Here again, the norm (the “knowledge norm of inquiry”) is defended by an epistemologist: Willard-Kyle (Reference Willard-Kyleforthcoming). So evocation, a relation broached decades ago by erotetic logicians, is closely related to several norms proposed recently by epistemologists.
None of those epistemologists mention IEL. How did that happen? We think the two literatures pursued similar issues and generated similar sets of ideas independently. As a result, each set can help “reverse engineer” the other. This point is not just historical. It is also proof of concept for a research program: the program of bringing new material into each of the literatures via the other. We'll now take that program's first steps.
4 A Research Program's First Steps
We seek an explanation of why Authades counts as being irrational. Consider a “Resolution Norm”:
RN
It is irrational to: wonder Q 1 but not Q 2 when, given what you know, Q 2 resolves Q 1.
This norm leaves fixed all the parameters from the Evoked Question Norm (EQN), save two: it is a norm of expansion and it focuses on cases where the logical relation does obtain. These changes yield an explanation of Authades’ irrationality—he's being irrational because he violates RN. He (a) fails to wonder who wrote the Meno while also (b) wondering a question that, given his knowledge, is resolved by Who wrote the Meno?. RN deems these states jointly irrational.

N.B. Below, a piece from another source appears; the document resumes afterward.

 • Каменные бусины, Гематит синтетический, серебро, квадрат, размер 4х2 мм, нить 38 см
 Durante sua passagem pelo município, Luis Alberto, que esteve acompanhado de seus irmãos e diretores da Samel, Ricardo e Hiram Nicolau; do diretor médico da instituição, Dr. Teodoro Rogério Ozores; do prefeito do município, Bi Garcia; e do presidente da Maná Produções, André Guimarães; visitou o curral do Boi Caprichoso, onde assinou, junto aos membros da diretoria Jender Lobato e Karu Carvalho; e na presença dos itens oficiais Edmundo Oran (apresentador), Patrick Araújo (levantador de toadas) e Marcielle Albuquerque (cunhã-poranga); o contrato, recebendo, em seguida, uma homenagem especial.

RN doesn't deem irrational Authades’ failure to wonder who wrote the Meno. That claim would “detach” one of the states RN targets jointly, invalidly inferring that it targets that state singly. Still, RN entails that if Authades wonders a question that's resolved by Who wrote the Meno given his knowledge, he's doing something irrational if he fails to wonder who wrote the Meno: he's in jointly irrational states. So RN requires him—on pain of being in jointly irrational states—to wonder who wrote the Meno whenever he wonders a question that, given his knowledge, is resolved by Who wrote the Meno?.Footnote 2
In sum, RN yields the explanation we seek. Similar explanations are available in declarative cases, as another dialogue (adapted from dialogues in Hawthorne (Reference Hawthorne2004) and Carroll (Reference Carroll1895)) illustrates:
Achilles: I'm agnostic about whether Plato wrote the Meno.
Tortoise: Do you know that Plato wrote the Republic?
Achilles: Of course.
Tortoise: And do you know that the writer of the Republic also wrote the Meno?

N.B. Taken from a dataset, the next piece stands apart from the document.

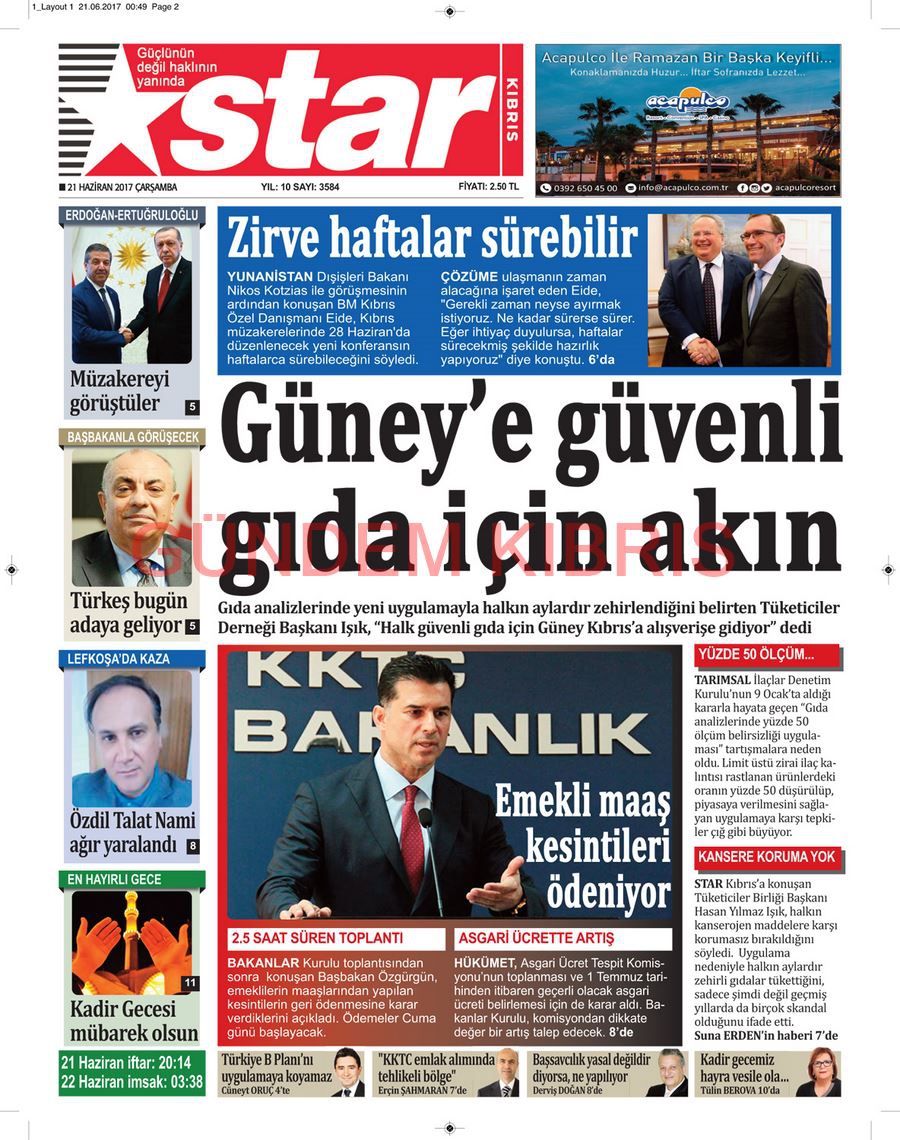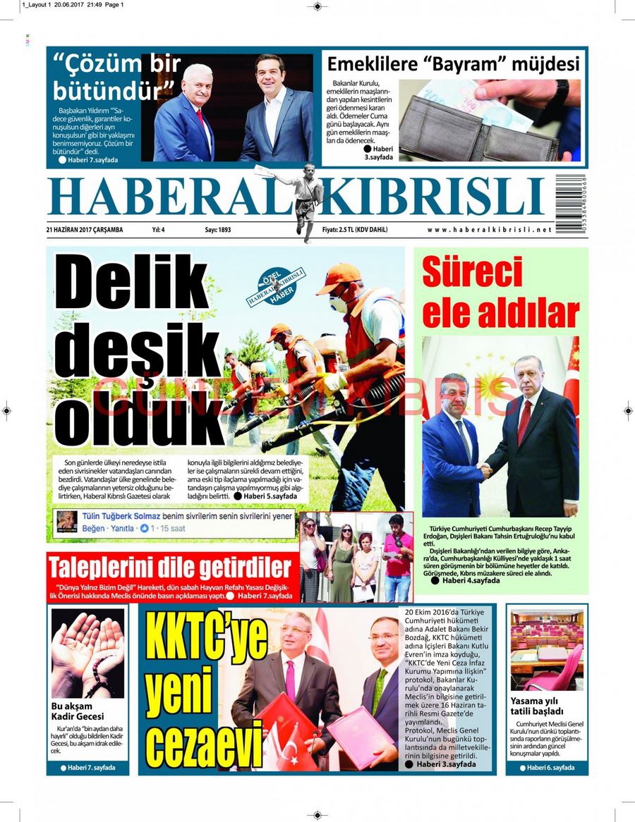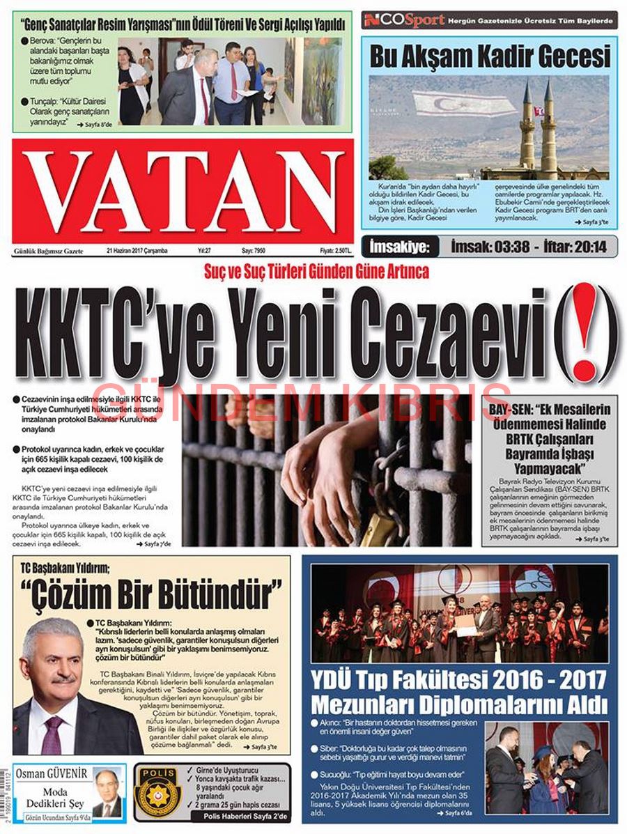 KKTC Gazete Manşetleri 21 Haziran 2017

Achilles: Oh yeah. I've known that for a long time.
Tortoise: Well there you go then. You should believe that Plato wrote the Meno.
Achilles: Not so fast, turtle. I'm still unconvinced.

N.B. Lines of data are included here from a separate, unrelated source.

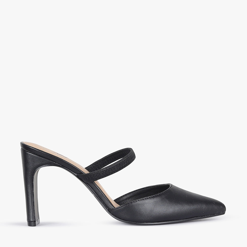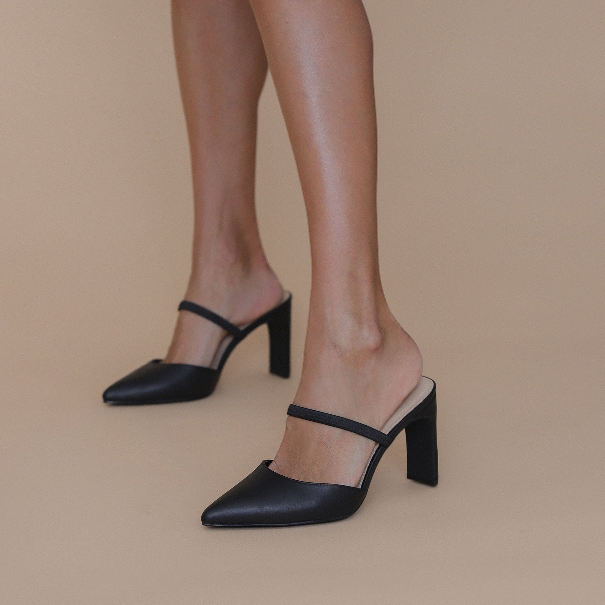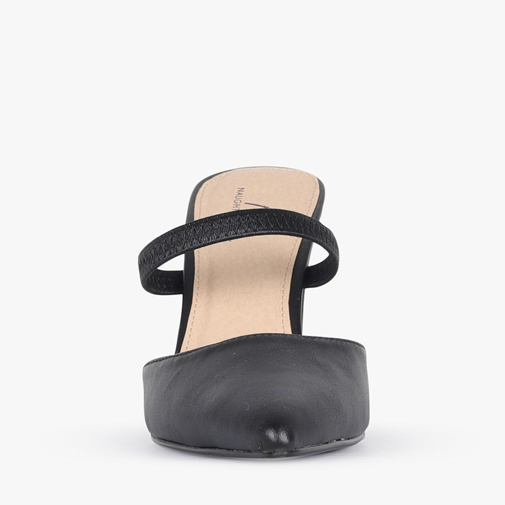 Featuring a classic pointed toe, slender strap supporting the vamp and block heel for stability. The perfect work-to-weekend mules, for evening wear, and in between. Pair them with a fashion-forward blazer dress. Slide into the Jade heels by Naughty Monkey.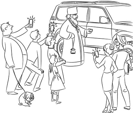 И вот после службы и трапезы выхожу я к своему «Рекстону», снимаю рясу и клобук, собираюсь садиться за руль. А в ворота монастыря в это время входит группа мальчиков и девочек лет 20, один из которых увлеченно рассказывает прочим историю обители. Все собираются фотографироваться.
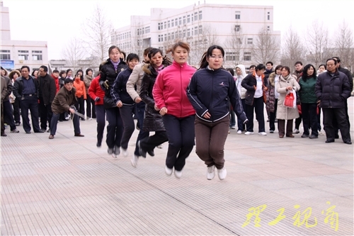 3月8日下午3∶30,在鸿远楼前广场,举行了庆“三八”趣味体育比赛活动。比赛分团体跳大绳和踢毽入筐两个项目,共有34个代表队、470余名队员参加了此次比赛。最终,电气与电子工程学院代表队和后勤管理处代表队分获跳大绳和踢毽入筐项目第一名,女教职工们在欢声笑语中度过了一个愉快的节日。

Achilles is being irrational. This can be explained by an “Entailed Belief Norm”:
EBN
It is irrational to: know that P and not believe that R when, given what you know, P entails R.
Achilles and Authades fail to expand their attitudes in ways deemed irrational by the RN and EBN, respectively. What Achilles does with his propositional attitudes, Authades does with his inquiring attitudes. RN is an interrogative analogue of EBN.
It is an open question which kinds of irrationality Achilles and Authades exhibit. Perhaps they exhibit epistemic irrationality, like people whose beliefs are unjustified. Or, perhaps it's instrumental irrationality, like people who don't take the means to their ends. Or, perhaps it's structural irrationality, like people whose mental states don't “fit together” (e.g., people who want to ϕ while wanting to not want to ϕ). Or, perhaps it's zetetic irrationality, a putative species of irrationality specific to inquiry.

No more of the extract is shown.